Сморкаясь и кашляя, Глаша долго плескалась под струей холодной воды, а потом, испуганно ахнув, обернулась к подруге.

– Женька, что я тебе скажу…

– Еще что-то? Нет, я этого не переживу…

– Я последнее письмо положила по ошибке не в его карман, – призналась Глаша.

– А в чей? – побелела Женька.

– Профессора по лингвистике.

– Ой, ну все, – подруга схватилась за голову. – У тебя хоть хватило ума не подписывать свои письма?

– Хватило… – Глаша прошла по комнате и, открыв буфет, достала бутылку вина. – Давай напьемся. С горя…
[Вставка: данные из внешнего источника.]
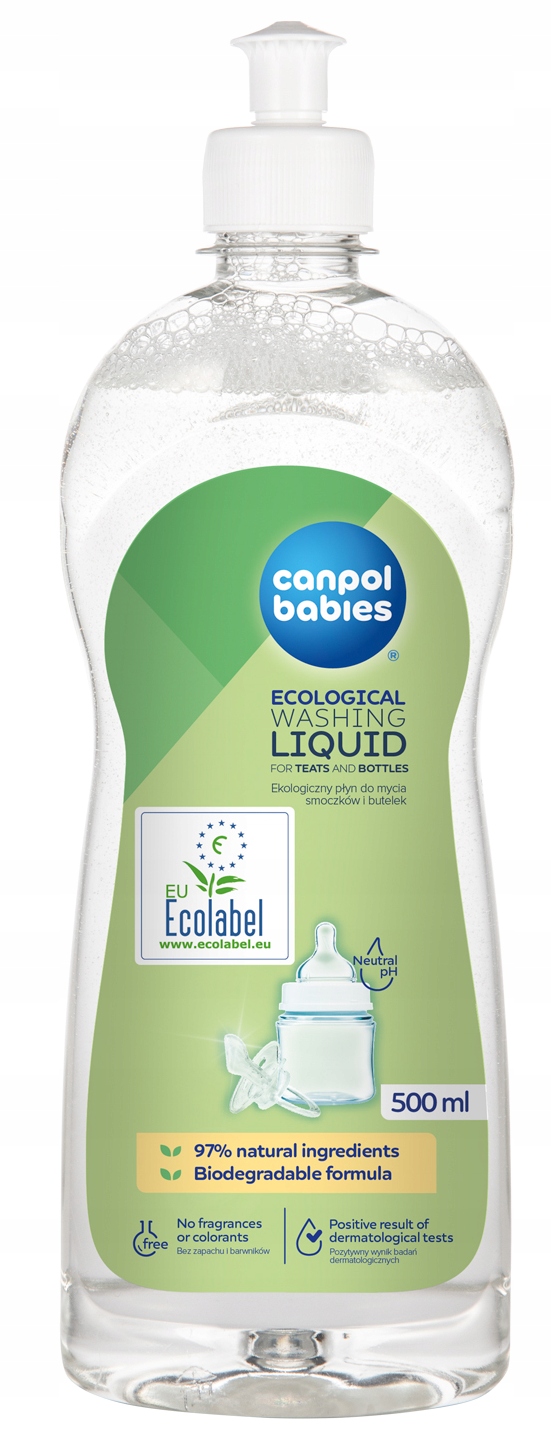 Екологічна рідина Canpol babies для миття пляшечок і пустушок створена з думкою про здоров'я і безпеку дітей. Рідина гіпоалергенна, безбарвна і містить 97% натуральних компонентів. Ефективно та якісно видаляє всі залишки молока, соків, каш та їжі. Змивається ідеально. Делікатний рецепт, без додавання ароматизаторів і барвників, ніжний для рук. Продукт має нейтральний pH для шкіри та отримав позитивний результат дерматологічних тестів. Упаковка дуже ефективна - достатньо лише невеликої кількості рідини для ефективного очищення дитячих аксесуарів, таких як пляшечки, соски, прорізувачі, дитячий посуд, іграшки та деталі молоковідсосу. Екологічна рідина для чищення пляшечок і пустушок Canpol babies сертифікована екологічною маркою ЄС – офіційною європейською відзнакою, яка присуджується екологічно чистим продуктам, які відповідають високим стандартам якості та здоров’ю: PL/019/009.

– Я тебе напьюсь, – Женька вырвала бутылку у нее из рук. – Какое, интересно, у тебя горе? Не туда письмо положила?

– Да причем здесь это? – Глаша опять заплакала.

– Не реви, – подруга пошла на кухню, поставила чайник. – Сейчас крепкого чаю выпьешь, успокоишься, и будем думать, что делать дальше с твоим доцентом.

Ночь надвигалась на огромный город. Она шла медленно, по-хозяйски, ступала тяжело и неспешно. Гасила окна в домах, напевала колыбельные детям, разгоняла запоздалых прохожих, зажигала звезды и сердито поглядывала в окно, за которым все сидели и сидели две подруги…

А потом, усмехнувшись, отступила. Что поделаешь? Дело молодое! Не спится…

Глава 6

Глаша, получив от Женьки внушение, училась жить без любви, без доцента, без переживаний. Собирала в корзину памяти воспоминания о нем, его голосе, взгляде, интонации, улыбке. Крохи своей несбывшейся любви, лохмотья несостоявшейся страсти, нитки исхоженных дорог, мгновения случайной радости и килограммы разочарования.

Стояла у окна, бездумно бродила по парку, ходила в церковь, говорила с мамой, до обморока сидела в библиотеке, без конца готовила супы и борщи просто чтобы чем-то занять руки.

Забывала.

Изматывала себя повседневными заботами. Смиренно шептала бабушкины молитвы, искала истоки нелюбви, безутешно плакала над написанными письмами, страстно мечтала о свидании.

Забывала.

Обманывала себя, рвала по живому, глотала слезы, пила снотворное. Теряла смысл, упускала время, заходилась в истерике…

Забывала…

Напрасно. Память жестока. А времени прошло мало. Хотя, говорят, и время не лечит.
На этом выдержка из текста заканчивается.